The FDA is set to review a supplemental new drug application for ibrutinib in combination with rituximab for the treatment of Waldenström’s macroglobulinemia.
The FDA is set to review a supplemental new drug application for ibrutinib (Imbruvica) in combination with rituximab (Rituxan) for the treatment of Waldenström’s macroglobulinemia (WM), according to Abbvie, the developer of the agent.
The application is seeking to update the US prescribing information for ibrutinib based on more than 5 years of data reported from the phase 3 iNNOVATE clinical trial.
"Since [ibrutinib] became the first FDA-approved medicine to treat people living with Waldenström's macroglobulinemia more than 5 years ago, it has significantly changed the treatment landscape for this rare and incurable form of non-Hodgkin's lymphoma," Danelle James, MD, MAS, ibrutinib global development lead at Pharmacyclics LLC, an AbbVie company. "This latest submission reinforces how [ibrutinib] has provided an innovative treatment option for WM patients and our commitment to supporting this patient community."
In the randomized, placebo-controlled, double-blind, phase 3 study, 150 patients with relapsed or refractory and treatment-naïve WM were enrolled. Participants were randomized to receive intravenous rituximab 375 mg/m2 once weekly for 4 consecutive weeks, followed by a second 4-weekly rituximab course following a 3-month interval. All patients were given either 420 mg of ibrutinib or placebo once daily continuously until the criteria for treatment discontinuation were met.
The primary end point was progression-free survival (PFS). Secondary end points included overall response rate (ORR), hematological improvement measured by hemoglobin, time-to-next treatment, overall survival (OS), and number of participants with adverse events (AEs) as a measure of safety and tolerability within each treatment arm.
Results from the long-term analysis of the Phase 3 iNNOVATE study will be presented at a future medical congress.
"We've made significant progress in the treatment of Waldenström's macroglobulinemia, which until a couple years ago had limited treatment options including chemotherapy," principle investigator Meletios A. Dimopoulos, MD, professor and chairman of the Department of Clinical Therapeutics at the National and Kapodistrian University of Athens School of Medicine in Athens, Greece, said in a press release. "The iNNOVATE study continues to deliver strong clinical evidence supporting the long-term use of ibrutinib plus rituximab across first and second lines of therapy for patients with Waldenström's macroglobulinemia."

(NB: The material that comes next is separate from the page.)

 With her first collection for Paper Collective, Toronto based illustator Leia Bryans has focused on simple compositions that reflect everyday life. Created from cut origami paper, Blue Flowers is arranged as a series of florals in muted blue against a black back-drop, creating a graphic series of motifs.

WM is a rare and incurable form of non-Hodgkin’s lymphoma. Typically, WM affects older adults and is generally found in the bone marrow, though the lymph nodes and spleen have been known to be affected as well. In the US, it is estimated that there are about 2800 new cases of WM each year.

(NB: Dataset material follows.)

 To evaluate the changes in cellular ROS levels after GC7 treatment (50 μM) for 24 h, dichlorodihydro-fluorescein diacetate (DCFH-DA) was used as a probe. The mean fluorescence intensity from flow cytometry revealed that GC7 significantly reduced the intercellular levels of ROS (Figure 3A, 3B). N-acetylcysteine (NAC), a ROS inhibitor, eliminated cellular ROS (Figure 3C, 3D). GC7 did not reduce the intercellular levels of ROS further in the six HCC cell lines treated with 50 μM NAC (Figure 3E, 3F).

Ibrutinib was first approved as a single agent, oral therapy for all lines of WM in 2015, making it the first and only FDA-approved medicine for WM. In 2018, ibrutinib was also approved as the first chemotherapy-free combination treatment with rituximab.
As of today, ibrutinib is still the only Bruton's tyrosine kinase (BTK) inhibitor approved to treat WM. As of May 2020, the National Comprehensive Cancer Network (NCCN) recommends ibrutinib with or without rituximab as the preferred regimen for patients with WM.
Reference:
IMBRUVICA® (ibrutinib) Seeks to Expand U.S. Label with Long-Term Data in Waldenström's Macroglobulinemia (WM) [news release]. North Chicago, Illinois. Published June 23, 2020. news.abbvie.com/news/press-releases/imbruvica-ibrutinib-seeks-to-expand-us-label-with-long-term-data-in-waldenstrms-macroglobulinemia-wm.htm?_ga=2.234473310.1161848934.1592912710-925916889.1590761036. Accessed June 23, 2020.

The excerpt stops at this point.